My rating: 5 of 5 stars

***I received a free copy of this book via Booksprout and am voluntarily leaving a review.***

Straight twin playing the part of the gay twin to win over the gay twin’s love interest. Very interesting. When I first started reading Less Than Three I thought, for some reason, the story would be written from Simon’s POV (the gay twin). What a surprise it was (to me, at least) to find it’s written from Nathan’s POV (the straight twin). A gay romance told from the straight twin’s point of view. Very, very interesting.

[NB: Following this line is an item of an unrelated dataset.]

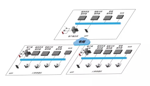 系统支持多级组织架构和分布式部署。按照使用场所、卡口数量、 测温目标数量的不同,可采取不同部署模式。在具体应用中,对于监狱大门、办公楼、监狱医院、监狱超市等出入口,可设置单点式布控,用体温检测设备,对出入人员进行非接触式筛查;对监狱厂房、监舍多个人行通道口或监狱范围内有多个人行出入口的,可设置联网式布控,通过固定点位安装的方式,将多个体温检测装备联网,在 中心实现对监测区域内的全局监测,避免造成交叉感染。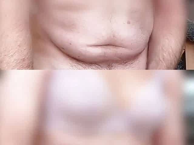 Pink mini skirt poka dotted Bra and painties ! Lots of lotioned Belly rubbing

Whitecroft could write about any topic–seriously, anything–and I would gobble it up. Stealing Rob’s words regarding Sir Arthur Conan Doyle: “He wanted to be off writing dense historical novels that would bore the pigeon poo off a statue.” Whitecroft could write such novels, and I could be the pigeon poo…only, I wouldn’t be bored. Not by a long shot.

The previous books I’ve read by Whitecroft were set in the US. This one is set in England, and some of the British references escaped me. I had to Google several of the people mentioned to get an idea of what was being said. But, that’s all on me, being a dense American.

So, the twins. They have two very distinct, individual personalities. Where Simon is as dry as unbuttered toast (“My brother’s love life–as far as I could tell–was a lot like Fifty Shades of Grey: long periods of boredom interspersed with awkward conversations about cheese and Twinings tea bags.”), Nathan is animated and funny. Nathan tells his brother, “I don’t mean to brag, but you’re good looking.”

I loved being in Nathan’s head for a front row seat to his unabashed realization of his feelings for Rob. And Rob was just adorable. I enjoyed their frank conversations about literature and sexuality. When questioned by Rob about his previous gay experiences, Nathan tells him, “One time I did E and it got…oral.”

Holy mackerel, this book is hilarious and sexy and emotional. I give Less Than Three a solid ten.